Let’s get back to the Stuff report:

Borrows was one of a group of MPs on the controversial trip to Europe, travelling to Poland, France, Britain and Ireland.

The trip had a budget of close to $140,000, almost $100,000 of which was for travel, with a number of the MPs on the trip believed to have downgraded tickets from business class to economy to take their partners along for free.

The Taxpayers’ Union called for the the “WAGs” (wives and girlfriends) of the MPs to stay at home, otherwise the trip appeared to be a junket rather than work. Executive director Jordan Williams said the downgrading of tickets undermined MPs’ claims that they needed to travel business class.

The State Services Commission said the “downgrading” by MPs would not be acceptable behaviour among public servants.

A number of mainstream commentators and bloggers dismissed the trip as a junket, although Kiwiblog’s David Farrar said it was “pretty standard practice”.

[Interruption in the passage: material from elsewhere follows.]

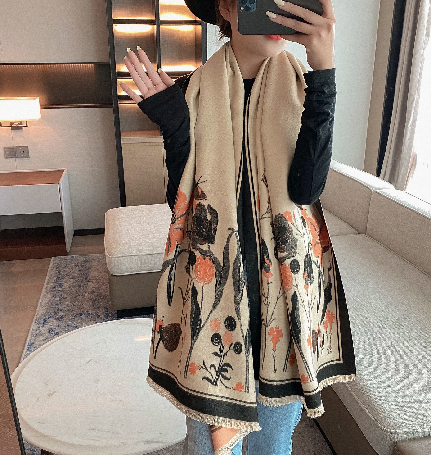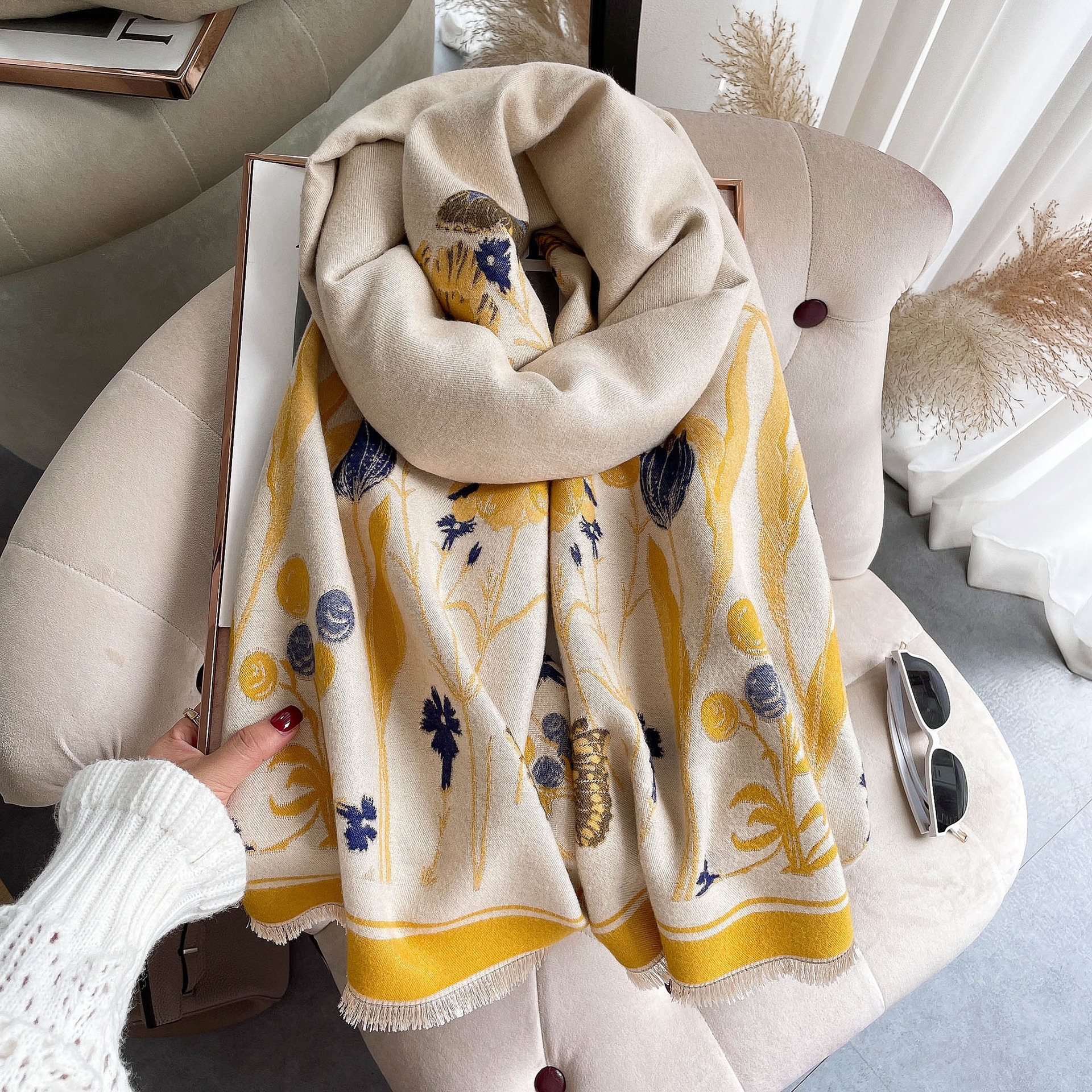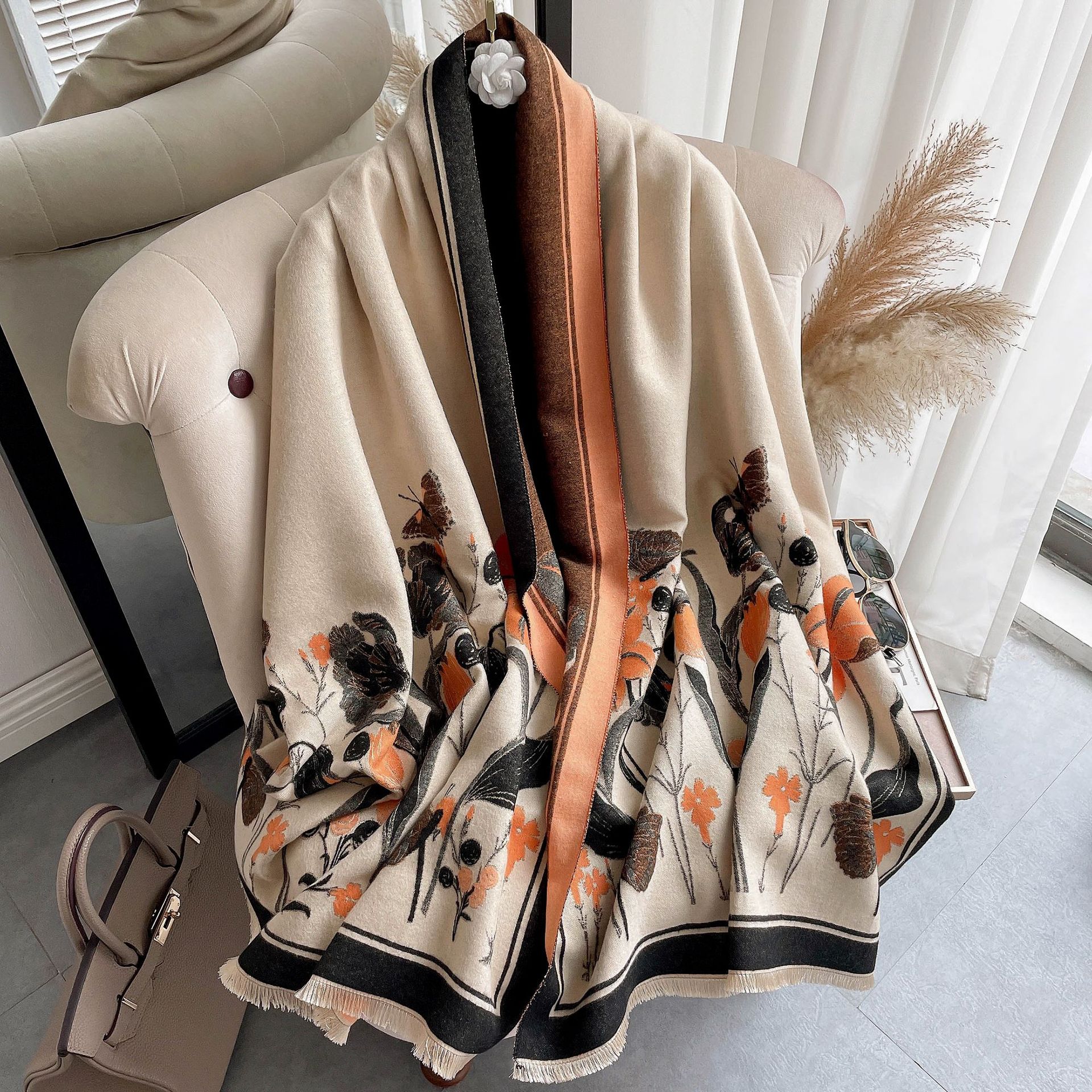 Winter Warm Cashmere Feel Floral Shawl & Wrap

But what price can those carping tossers put on an MP’s education?

Chester is telling us he had learned “lots” on the trip which he believed represented good value for money for taxpayers.

“I learned familiarity breeds contempt around democracy, we take it very lightly around here. If you talk to people in Northern Ireland or the Eastern Bloc or Fiji for instance, who have had their democracy removed from them and had to fight to get it back, they actually give a stuff about this, even if people in New Zealand don’t. I think that’s pretty significant.”

Way to go, Chester.

Borrows, the Deputy Speaker and National MP for Whanganui said once or twice a month delegations from other countries came to New Zealand’s Parliament, to visit the Speaker, rather than the Prime Minister.

“These are countries who are in some way struggling with their own democracy, how to maintain that, and we’re the longest serving democracy that exists at the moment, because that wasn’t disrupted by the war and that sort of stuff,” Borrows said.

“What they’re interested in is how come you can have a minority government with a disparate bunch of representatives and a whole bunch of different creeds and ideologies and still maintain stability and certainty, and I think the [Press] Gallery and media treat that too lightly. Because you’re used to, pretty much, you’re used to giving us the fingers, rather than examining these issues with any level of scrutiny.”

Stuff points out it is unclear what definition Borrows was using in claiming New Zealand was the world’s longest serving democracy.

The United States, for example, has had presidential elections every four years since George Washington was elected the first President in 1788/89.

And an important component of the American system of government is the role of a free press.

The same goes for our country. Or should.

Let’s see.

The Speakers Delegation was spending public money.

The money came from taxpayers.

The media brought Chester’s junket and this use of their money to the attention of those taxpayers.

It has now communicated to them his defence of the jaunt.

It remains to be seen whether they will be sold on all that pap about his education, especially in the light of his claim about our having the longest-serving democracy.

Maybe he is fishing for a trip to the US for further lessons.